The Lady Aoi (بانو آئویی, Banou Aoi) was a 1998 production of Yukio Mishima's play of the same name in Persian translation, which was produced and directed by Bahram Beyzai. It is Beyzai's only production of a play by a playwright other than himself.

== Production ==
After about 18 years of no theater work since Death of Yazdgerd (1979), in 1997 Beyzai, at the indication of the officials of the new government of Mohammad Khatami (1997–2005), returned to Tehran from his brief stay in Strasbourg at the invitation of the International Parliament of Writers. He was given the green light to stage a play if he wished so.

Earlier, Beyzai had translated Aoi no Ue, the Noh on which Mishima based his The Lady Aoi, into Persian. Now, finding out that Mojdeh Shamsaie, his wife, had acting in The Lady Aoi on her mind as her graduate work, he decided to produce this play for her. Huge popular interest made this performance a public event: instead of a single university performance, the play remained on stage for months, and audiences welcomed it greatly.

== Cast ==
- Rokujo . . . Mojdeh Shamsaie
- Hikaru . . . Parsa Pirouzfar
- Nurse . . . Mahshad Mokhberi

Subsequently, Mojdeh Shamsaie, already Beyzai's wife since 1992, became a fixed actress in all of his films and stage plays.
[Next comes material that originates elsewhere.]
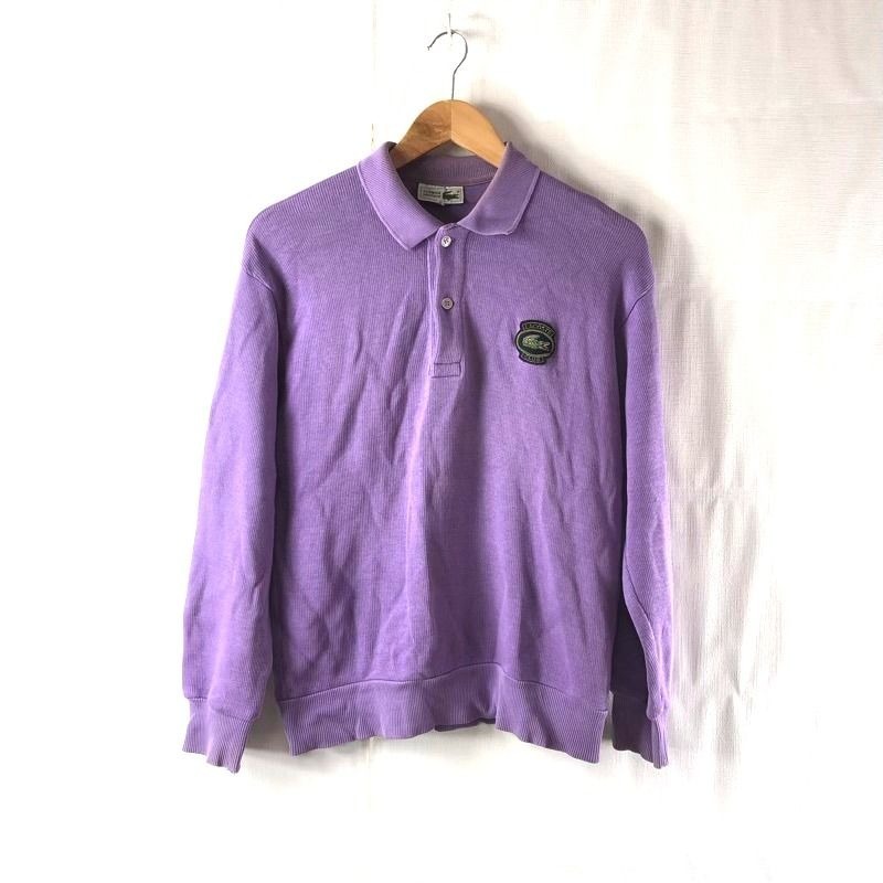 - シュミーズラコステ CHEMISE LACOSTE ポロシャツ 長袖 ロゴ刺繍 ワッペン 綿100% リブ 紫系 3サイズ 2025091200120

She had first appeared in Beyzai's film Travelers in 1991.

== Reception ==
Most of the Persian critics and playwrights, among them Hamid Amjad, Shahram Jafarinejad and Hossein Kiani, responded favorably to the play. Amjad compared Beyzai's worldview with Mishima's. Jafarinejad admired the actresses as well as the actor (Pirouzfar) whom he considered less successful, but still quite agreeable. Kiani praised Beyzai's mise-en-scène and minor modifications.